After arriving at a hospital, a physician will perform tests to determine the cause of the abdominal pain. A scan of the abdominal area called a computerized tomography (CT) will likely be done immediately. The scan will show any areas of infection or if the intestines have become twisted, which may be the source of the pain. CT scans can show infectious abscesses and other abnormalities that can cause abdominal pain. An x-ray of the abdominal area may be done first to evaluate the need for the more expensive CT scan.

The attending physician will order blood drawn to perform a complete blood cell (CBC) count. A CBC will show if the white blood cell count is elevated, which would indicate an infection is present in the body. An increase of white blood cells shows the immune system has been activated, prompting cultures to be made to determine the bacteria causing the infection.


Acute abdomen caused by an infectious agent is usually a result of a bacterial infection of the appendix or colon. Appendicitis is a medical emergency that requires immediate surgery to remove the inflamed appendix before it bursts. Diverticulitis of the colon may be treated without surgery, but if the infection has caused widespread inflammation part of the bowel may perforate, leaking the contents of the bowel into the abdomen.

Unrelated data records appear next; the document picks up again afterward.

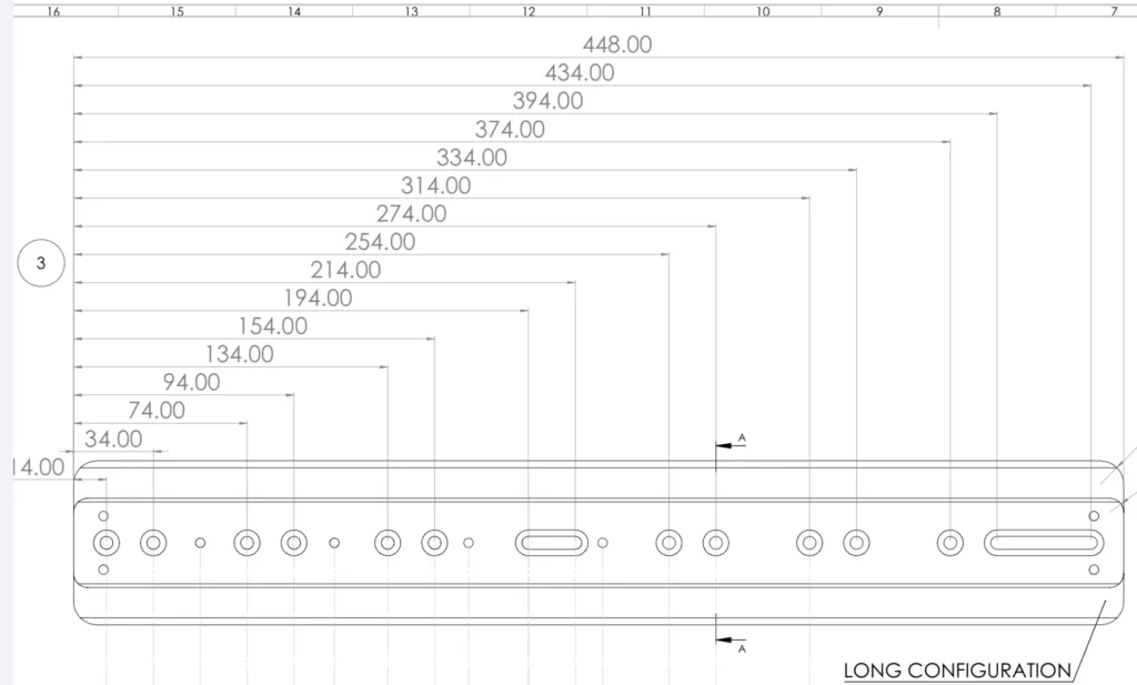 Rail has TWO slotted sections to allow for most existing chassis/ stock holes.
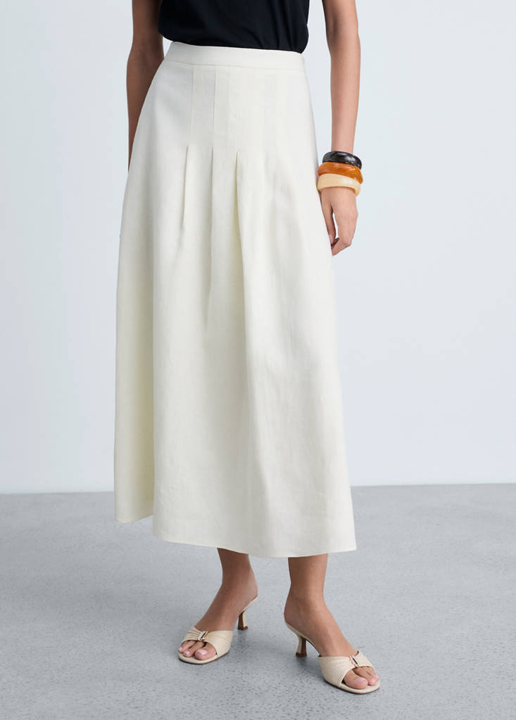 Kain 100% linen. Desain A-line. Desain panjang. Pinggang tinggi. Detail lipit. Ritsleting samping. Lapisan dalam
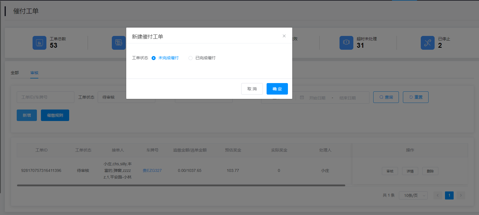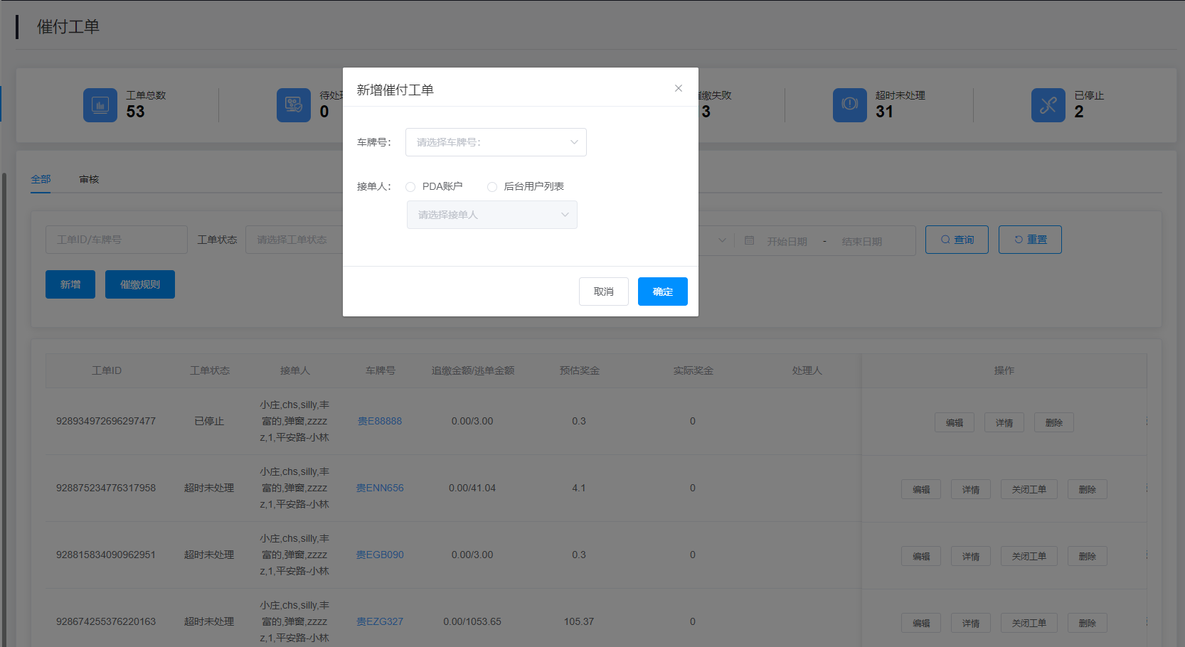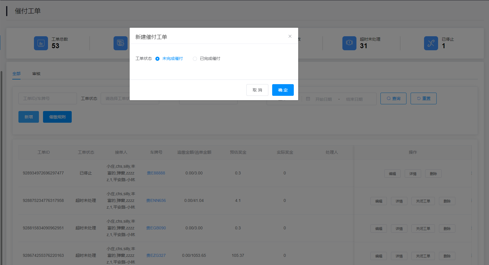 2.新增:点击查询内容左下方的“新增”按钮即可选择工单状态,填写车牌号和接单人新增催缴工单。

An operation would be necessary to remove the affected bowel before peritonitis, an infection of the abdominal cavity, occurs.

Another cause of acute abdomen is a sudden lack of blood supply to the area. The blood-deprived tissue slowly dies and begins to form gangrene. Toxins released by the necrotized tissue may cause pain in the area. Any dying tissue would need to be surgically removed to prevent the spread of gangrene.

Anatomical defects that can cause acute abdomen are usually present since birth. The intestines could be constricted or twisted, which may cut off the blood supply. This condition may go unnoticed for years, until extreme abdominal pain necessitates a visit to the emergency room. Part of the intestines may need to be removed and the remainder of the colon sutured together to restore normal bowel functions.